Bombay Castle (also Casa da Orta) is one of the oldest defensive structures built in the city of Mumbai (formerly Bombay). The current castle is a structure built by the British on the site of the Manor House built by a Portuguese nobleman Garcia de Orta. Orta had leased the island of Bombay from the King of Portugal between 1554 and 1570.
The castle was built of local blue Kurla stone and red laterite stone from the Konkan region to the south. In 1662, after the islands came under the hands of the English, the East India Company took possession of the castle in 1665. Over the next ten years, they built a defensive structure around the manor. Around the same time, a wall was being built around a new urban centre. The wall was later demolished in 1865 after the city grew rapidly. Fragments of this wall however still exist in some areas.

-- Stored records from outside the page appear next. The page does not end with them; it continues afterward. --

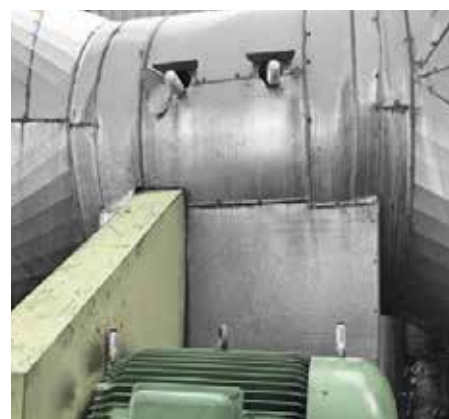
換気設備のベアリングへのシマルーベ15とシマルーベ125取付事例
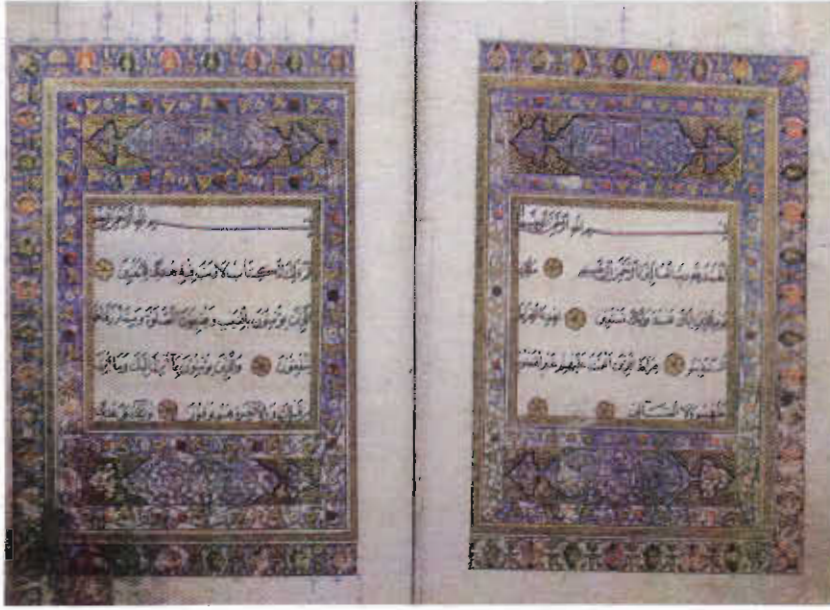
Resim 1. Konya Mevlana Müzesi, Müzelik Eserler Bölümü, No: 18, 1b-2a
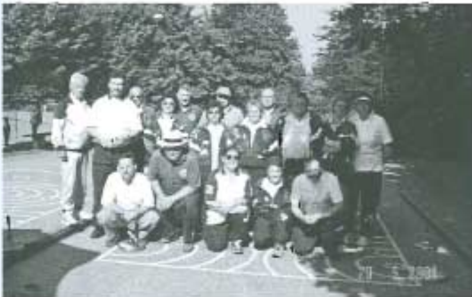
Zu Beginn alle Stockler noch frohen Mutes

19 Stockschützen trafen sich beim Sommerfest des FCF um ihre Vereinsmeister in Mannschaft und Einzeldisziplin zu ermitteln. Bei wiederum schönen Wetter und damit guten Bedingungen starteten wir mit dem Mannschaftsturnier mit Vor- und Rückrunde.
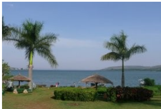
Areal nasej ubytovne, v pozadi Viktoriine jazero
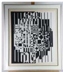
Lot n°385 Victor VASARELY (1906-1997), Composition,...
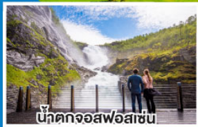
น้ำตกจอสฟอสเซน
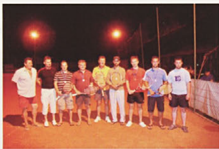
Zmagovalci teniškega turnirja
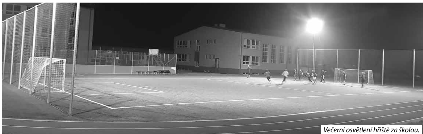
Večerní osvětlení hřiště za školou.
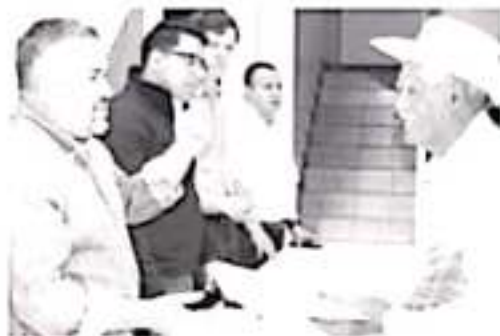
El H. Ayuntamiento promueve el programa, y apoya en todo en trámite a los adultos mayores que desean participar y en el cual resultaron beneficiados 24 personas.

Finalmente, las personas de la tercera edad que fueron beneficiadas con este programa, agradecieron al presidente municipal, quienes emocionados reconocieron el esfuerzo que realizan tanto el Ayuntamiento como la Oficina de Atención al Migrante, al recibir de sus manos las visas que serán el pase para que se vuelvan a reunir con sus seres queridos después de más de 10 años de no verse.
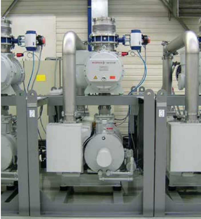
图 1：采用 HenaLine 的 CombiLine 泵站

被困在润滑油中的小气泡在真空状态下迅速膨胀。如果在排空前油里有例如 1 ml 空气，那么在真空压力为 1 hPa 的条件下将会膨胀到 1 l。这一过程会形成油沫。为了避免形成油沫，必须对其进行脱气处理。为此采用一个单独的真空装置进行持续脱气。
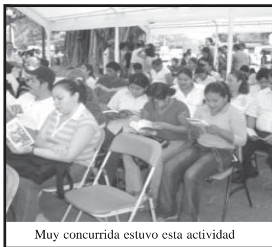
Muy concurrida estuvo esta actividad

Puntualizó que la palabra constituye del hombre el universo de su destino, la historia y la cultura.
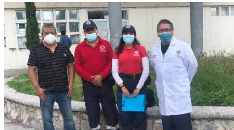
Clínicas y hospitales públicos, tiendas de autoservicio y una tienda departamental, se unieron al simulacro.

El área de Protección Civil recomendó, en caso de sismo, llevar una mochila de emergencia que contenga un directorio telefónico, botiquín, documentos importantes, víveres enlatados y agua, radio, linterna, pilas, alguna chamarra e incluso puedes añadir algunas herramientas básicas, definir las salidas de emergencia y los sitios seguros
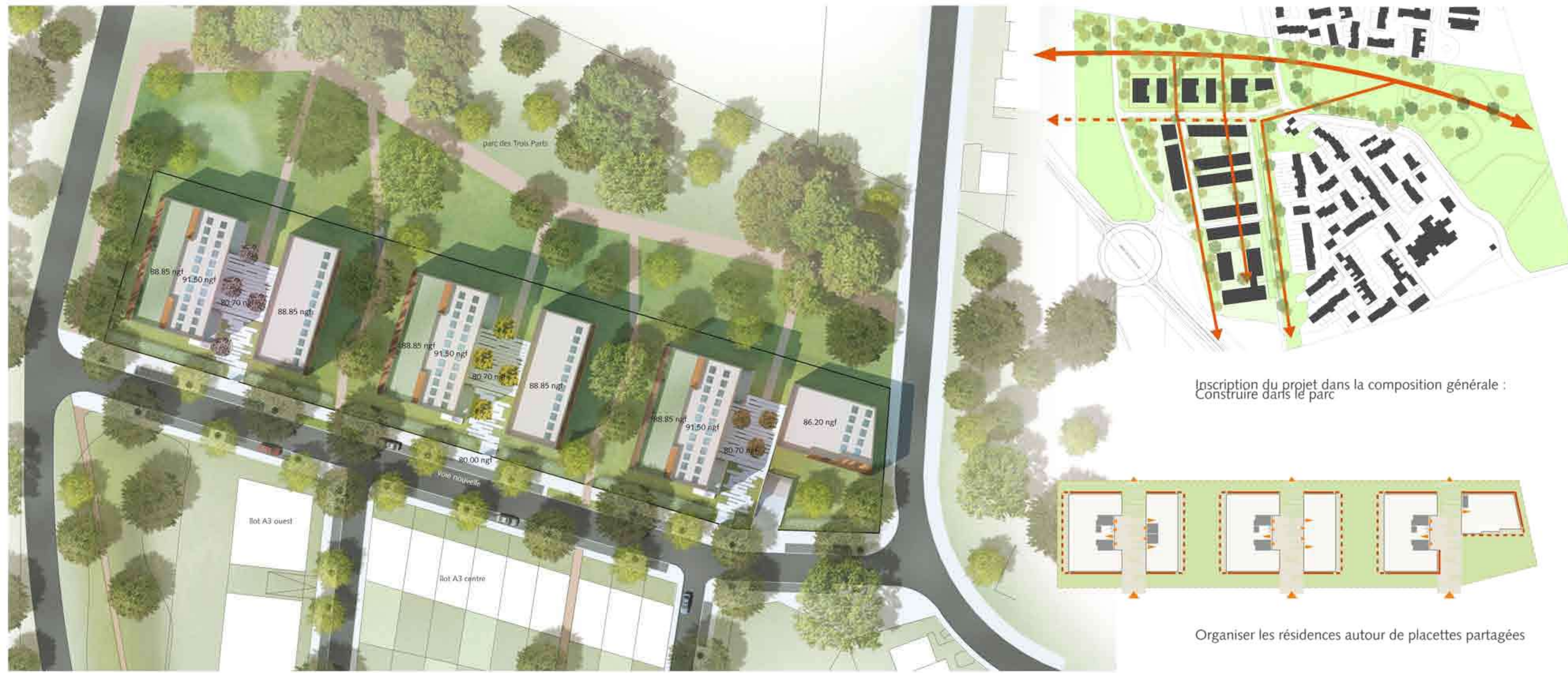
Plan de masse - échelle 1/500 : l'archipel des unités résidentielles à la confluence des parcs

Few records of the original Portuguese castle remain and historians are trying to piece together the original location of the manor. Two gates of the manor are located within INS Angre, a naval station in South Mumbai. A sundial thought to date back to the Portuguese era is also present. This sundial does not mark out the 12 hours of a day, but marks out certain periods which are deemed to be important to people of those days.
The main building within this castle is the Governor's House (Raj Bhavan) in which Gerald Aungier, the first Governor of Bombay used to stay. The residence was later moved to Parel and then to Malabar Hill over the next two centuries. The current building houses the offices of the Flag Officer Commander-in-Chief of the Western Naval Command.